We tested the proposed framework on data from a laboratory experiment with the marine heterotrophic bacterium Phaeobacter inhibens DSM 17395, which is an aerobic heterotrophic representative of the Roseobacter group and is known to possess versatile catabolic and complex regulatory capacities23,42.

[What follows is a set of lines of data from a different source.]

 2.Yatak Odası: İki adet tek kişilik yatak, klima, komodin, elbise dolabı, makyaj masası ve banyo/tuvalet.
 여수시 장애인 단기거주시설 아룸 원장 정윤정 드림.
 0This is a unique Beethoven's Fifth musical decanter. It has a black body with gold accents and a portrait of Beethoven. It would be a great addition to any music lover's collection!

In the experiment, the growth of P. inhibens on a mixture of organic substrates was measured, as described by Wünsch et al.21 For each tested substrate condition, four bioreactors were operated as a batch culture in parallel in a well-mixed glass vessel under controlled conditions of culture volume, temperature, pH, dissolved oxygen tension, and growth medium. After inoculated culture cells had adapted their growth to the medium by three passages under identical conditions, the defined starting medium was supplemented with a mixture of organic substrates. The contained substrates were: D-glucose (Glc), D-mannitol (Man), N-acetyl-D-glucosamine (Nag), L-histidine (His), L-leucine (Leu), L-lysine (Lys), L-phenylalanine (Phe), L-tryptophan (Trp), L-threonine (Thr), L-valine (Val), and isoleucine (Ile), see SI Fig. S4.

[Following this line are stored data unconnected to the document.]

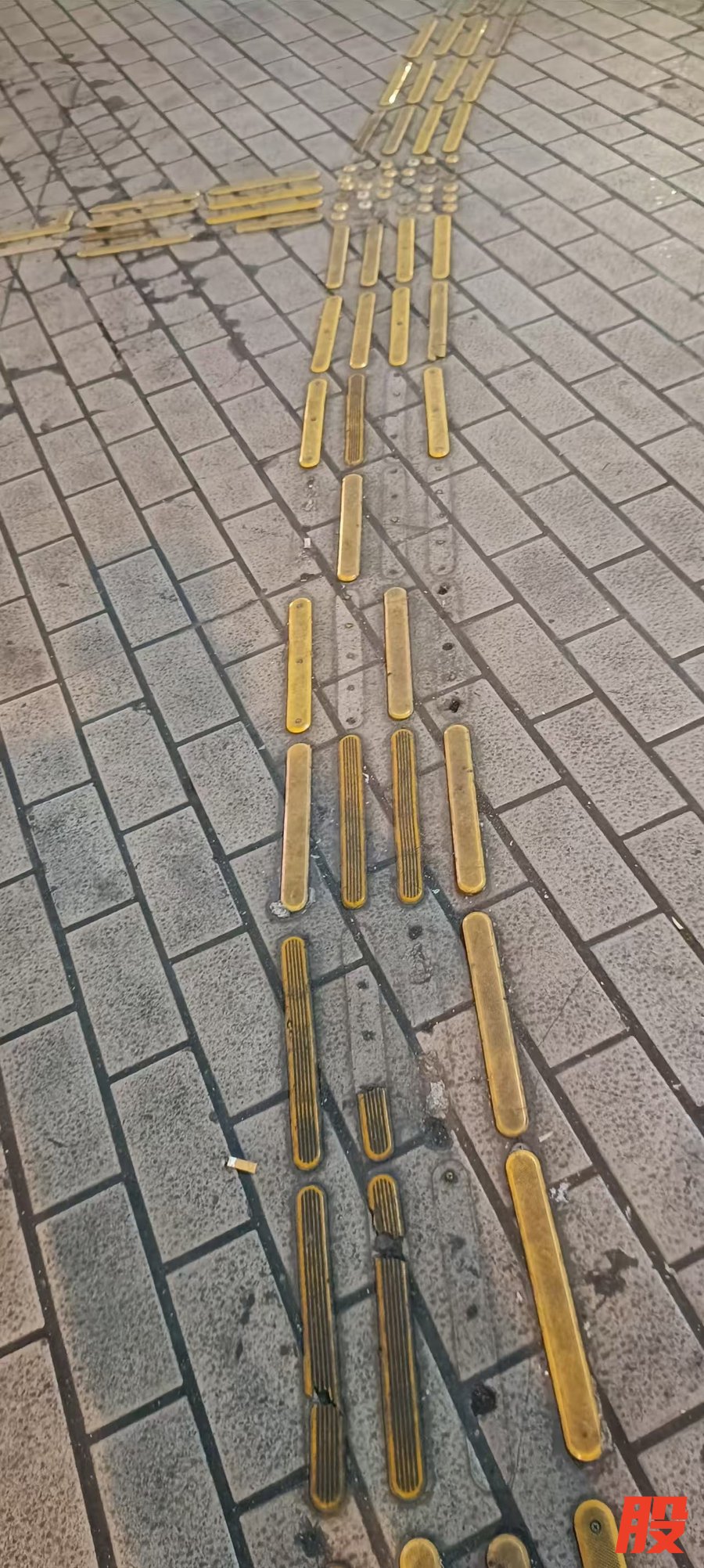 昨晚7时许,记者实地走访后发现,从淮海中路向南至兴安路的20多米盲道上,近20块地砖的盲道条缺失,原本连贯的黄色指引带变得断断续续。一位路过的环卫工人透露,这种情况已经存在一段时间,“偶尔能看到有人来补,但没过多久又会缺几块。”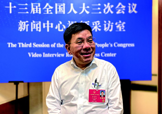 全国人大代表曾光安说,传统装备制造业的转型升级要充分利用工业互联网、大数据等技术,使数字化覆盖研发、生产、供应、营销等企业全价值链。 新华社记者温竞华摄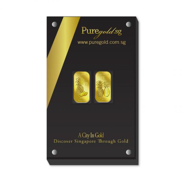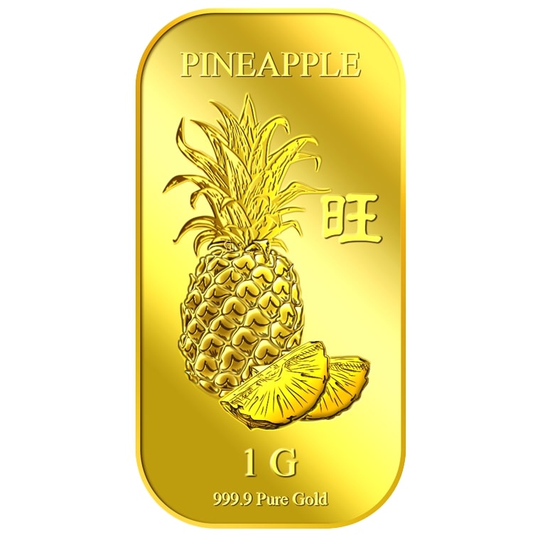 The image is embossed on a 1 gram 999.9 fine gold bar.

For each of the four replicate measurements, high-resolution growth curves were provided from measurements of substrate depletion, optical density (OD) and cellular dry weight (CDW) during growth as a function of incubation time (see Fig. 1). Theoretical ATP yield was computed based on recently reconstructed catabolic pathways for each substrate. The resulting values are shown in SI Table S1. Wünsch et al.21 give a detailed description of the experiment.